Instructions for the task | Every record below should be printed again exactly, with its pictures removed.

Excerpts from a dataset:
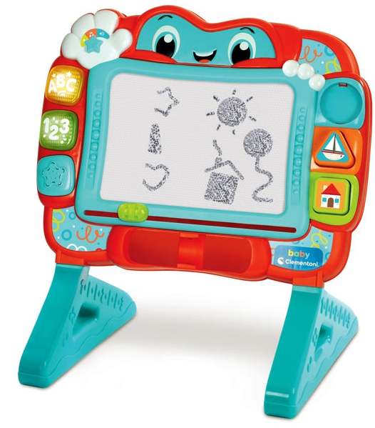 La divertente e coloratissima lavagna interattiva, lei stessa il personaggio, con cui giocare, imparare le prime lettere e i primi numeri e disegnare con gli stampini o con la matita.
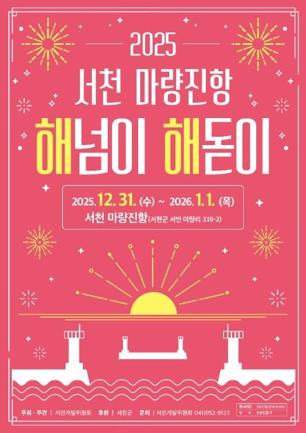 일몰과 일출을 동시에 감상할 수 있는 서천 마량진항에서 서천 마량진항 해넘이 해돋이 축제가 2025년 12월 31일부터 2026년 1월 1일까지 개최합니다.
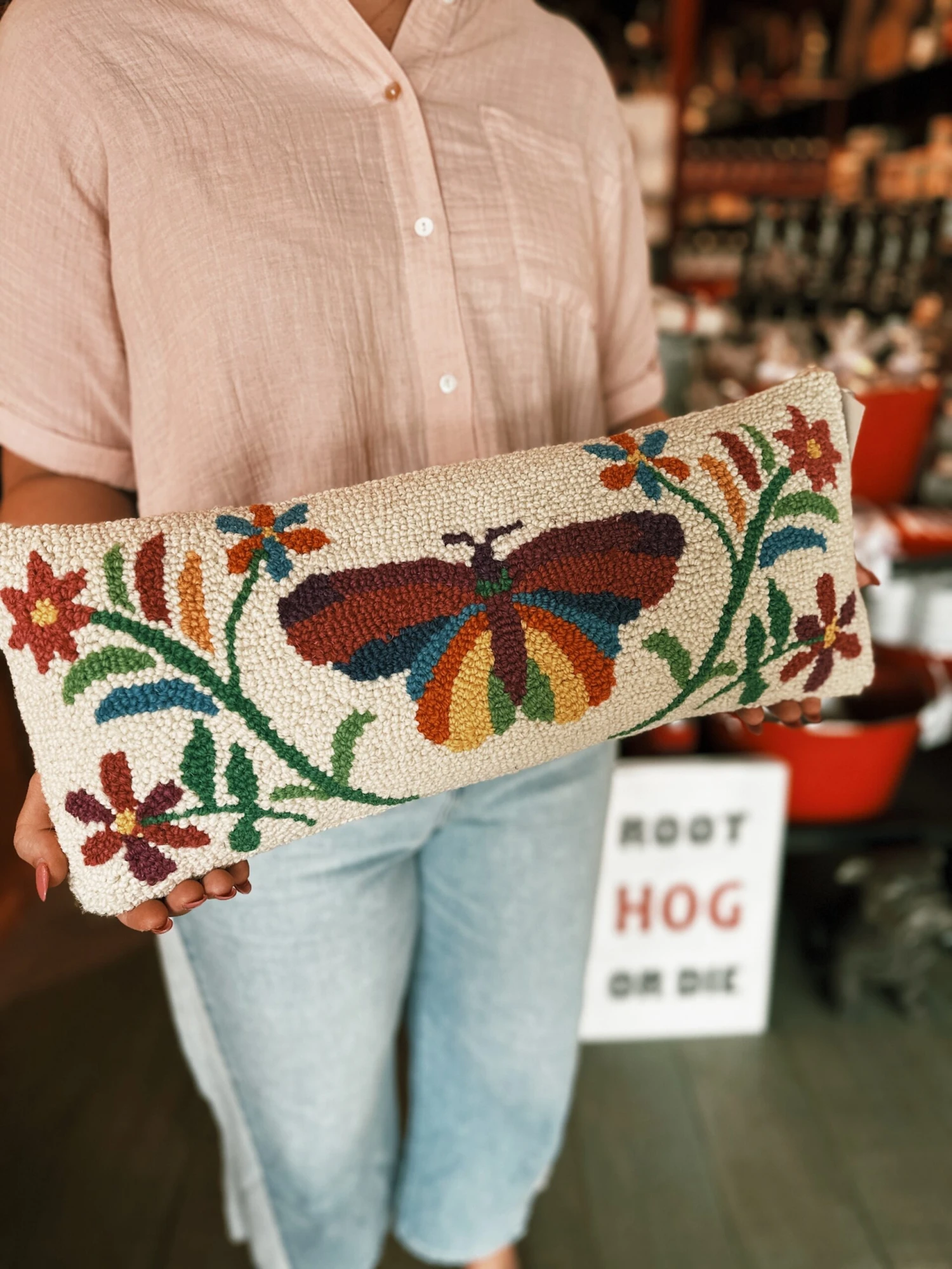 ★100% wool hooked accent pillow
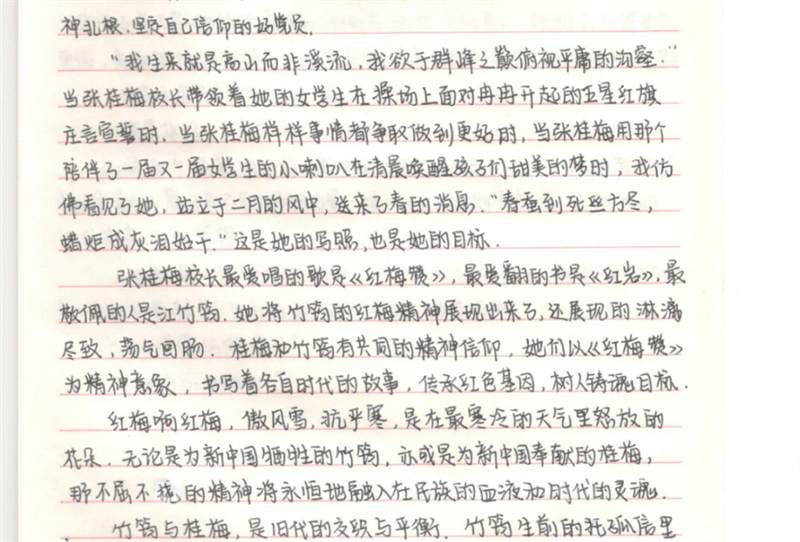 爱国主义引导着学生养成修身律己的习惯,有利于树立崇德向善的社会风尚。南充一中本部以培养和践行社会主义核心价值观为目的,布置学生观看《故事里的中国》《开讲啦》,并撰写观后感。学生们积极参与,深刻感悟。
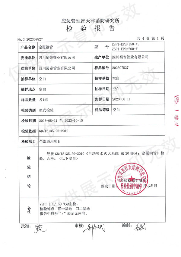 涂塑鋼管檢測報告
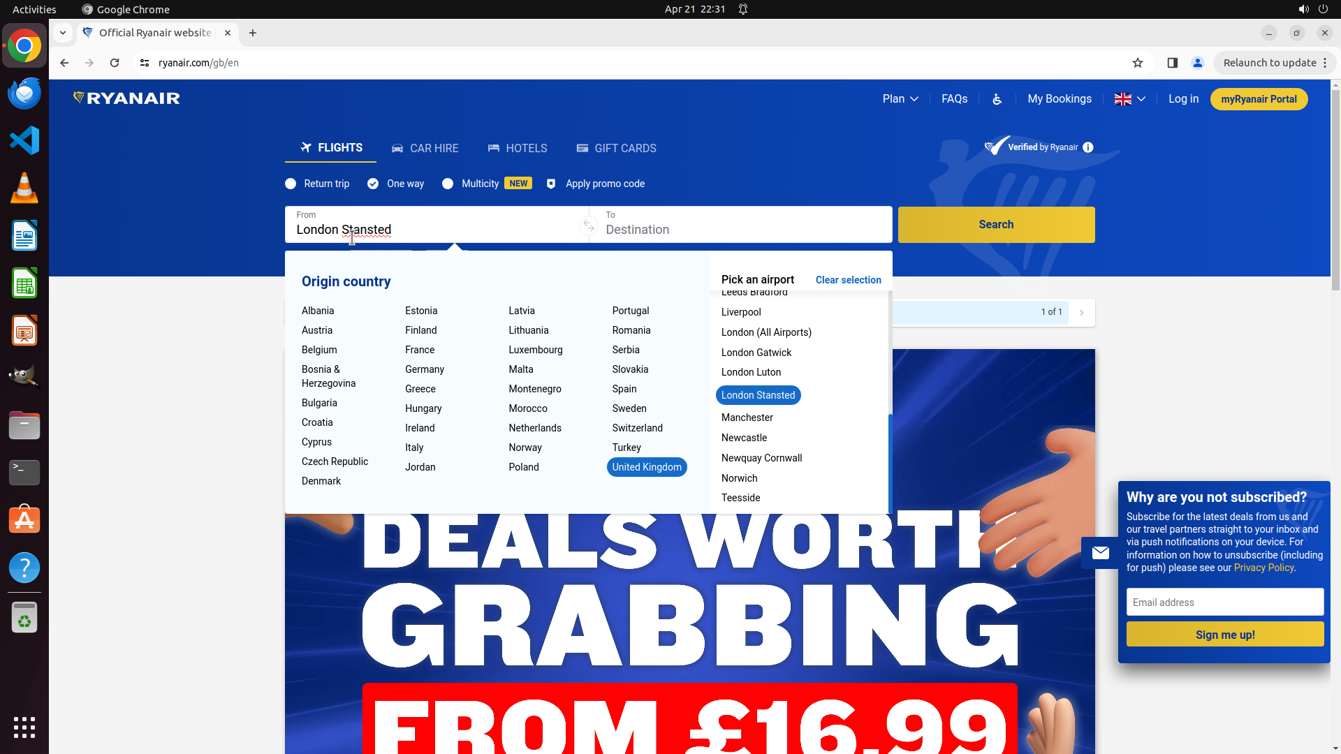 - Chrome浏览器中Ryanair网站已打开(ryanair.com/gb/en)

Answer to this task |
 La divertente e coloratissima lavagna interattiva, lei stessa il personaggio, con cui giocare, imparare le prime lettere e i primi numeri e disegnare con gli stampini o con la matita.
 일몰과 일출을 동시에 감상할 수 있는 서천 마량진항에서 서천 마량진항 해넘이 해돋이 축제가 2025년 12월 31일부터 2026년 1월 1일까지 개최합니다.
 ★100% wool hooked accent pillow
 爱国主义引导着学生养成修身律己的习惯,有利于树立崇德向善的社会风尚。南充一中本部以培养和践行社会主义核心价值观为目的,布置学生观看《故事里的中国》《开讲啦》,并撰写观后感。学生们积极参与,深刻感悟。
 涂塑鋼管檢測報告
 - Chrome浏览器中Ryanair网站已打开(ryanair.com/gb/en)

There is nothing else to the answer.